Periodic Reporting for period 2 - NovelNMDA (Novel NMDA receptor signaling in cortical synaptic depression)
Okres sprawozdawczy: 2020-08-01 do 2022-01-31
The functional relevance of NMDARs in long-term plasticity has been attributed to the flux of calcium through the NMDAR ion channel. However, recent work has shown that NMDARs may signal through a non-ionic mechanism in long-term depression. Understanding the functional role of NMDARs in synaptic plasticity is the ultimate goal of this research project.
To achieve this goal, we first aim to understand how long-term depression changes the synapses between cortical layer 4 and layer 2/3 neurons, and how NMDAR activity triggers those changes. We are applying functional imaging using 2-photon laser scanning microscopy, coupled with electrophysiological measurements to observe how single, identified synapses function and change after plasticity induction. As we develop approaches to study the activity of NMDARs in this cortical synapse, we are in parallel testing whether NMDARs in other synapse types behave in a similar manner, or whether there are unique properties in these synapses that are important for cortical experience dependent plasticity.

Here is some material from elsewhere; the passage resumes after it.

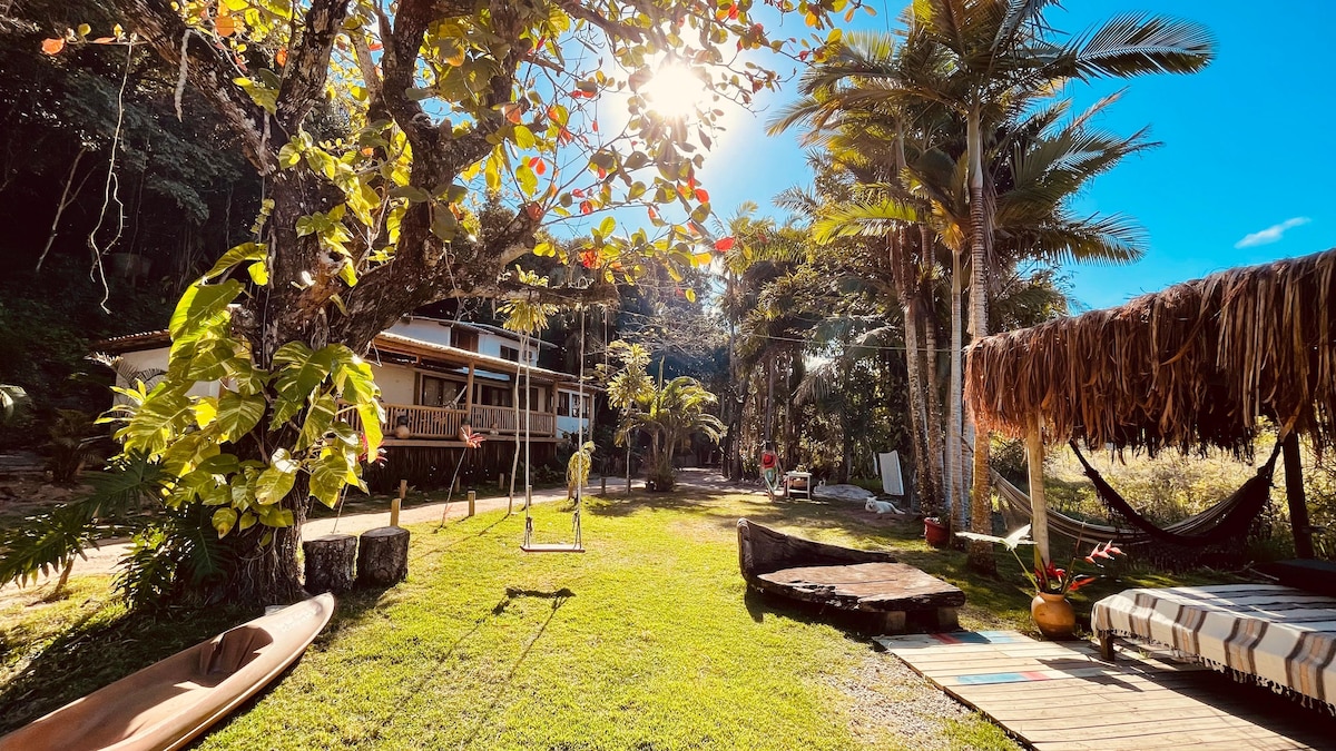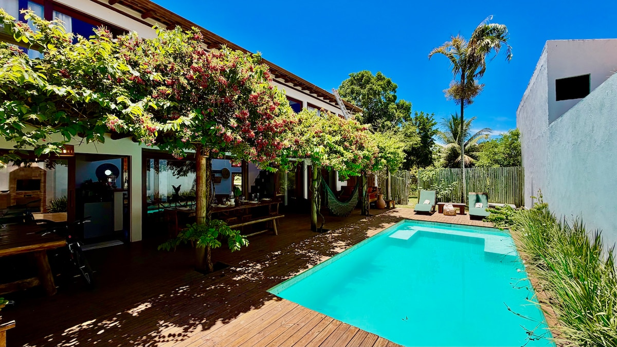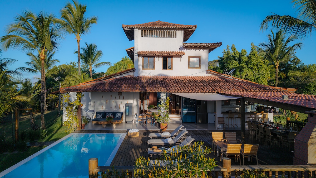 Viva a experiência de uma casa baiana, situada no melhor ponto da Vila do Outeiro, em frente da área de reserva da falésia da trilha que desce para praia com vistas espetaculares do mar. O luxo está na simplicidade, nos detalhes da arquitetura do sul da Bahia, onde os mestres fazem uso intenso da madeira nas janelas, colunas e sustentação do telhado no piso do terraço. Uma casa com o aconchego da decoração criada por sua dona, para receber sua família, amigos e agora nossos hóspedes.
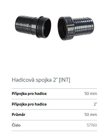 Upřesnění parametrů pro Oase hadicová spojka 2" (50mm)

Objectives 1 and 2 focus on the outcome of long-term depression, induced by spike-timing dependent pairing (Objective 1), and other forms of plasticity induction (Objective 2). Both objective share similar approaches, and so far, have shown similar results. We first used electrophysiological methods to test for the locus of plasticity expression, which has produced results constant with presynaptic alterations after both spike-timing dependent plasticity (Objective 1) and low-frequency stimulation induced long-term depression (Objective 2). In addition, both forms of synaptic plasticity requires NMDAR signaling, but not ion flux through the NMDAR ion channel. Consistent with this, optical measurements of synaptic function also show presynaptic alteration after plasticity induction.
Objective 3 is designed to test NMDAR subunit identity and function at single synapses between cortical layer 4 and 2/3 neurons. using the 2-photon imaging system acquired through this grant, we have been able to image single synaptic sites and can measure the contribution of NMDARs to the postsynaptic calcium influx. We are currently working toward identifying NMDAR subunit composition in individual synapses.
Objective 4 is aimed at understanding the potential role of non-ionic NMDAR signaling at other synapse types. We have tested plasticity induction in hippocampal Schaffer collateral to CA1 synapses, and whether NMDAR pharmacology can bias plasticity towards long-term depression. This has produced mixed results that require further experiments.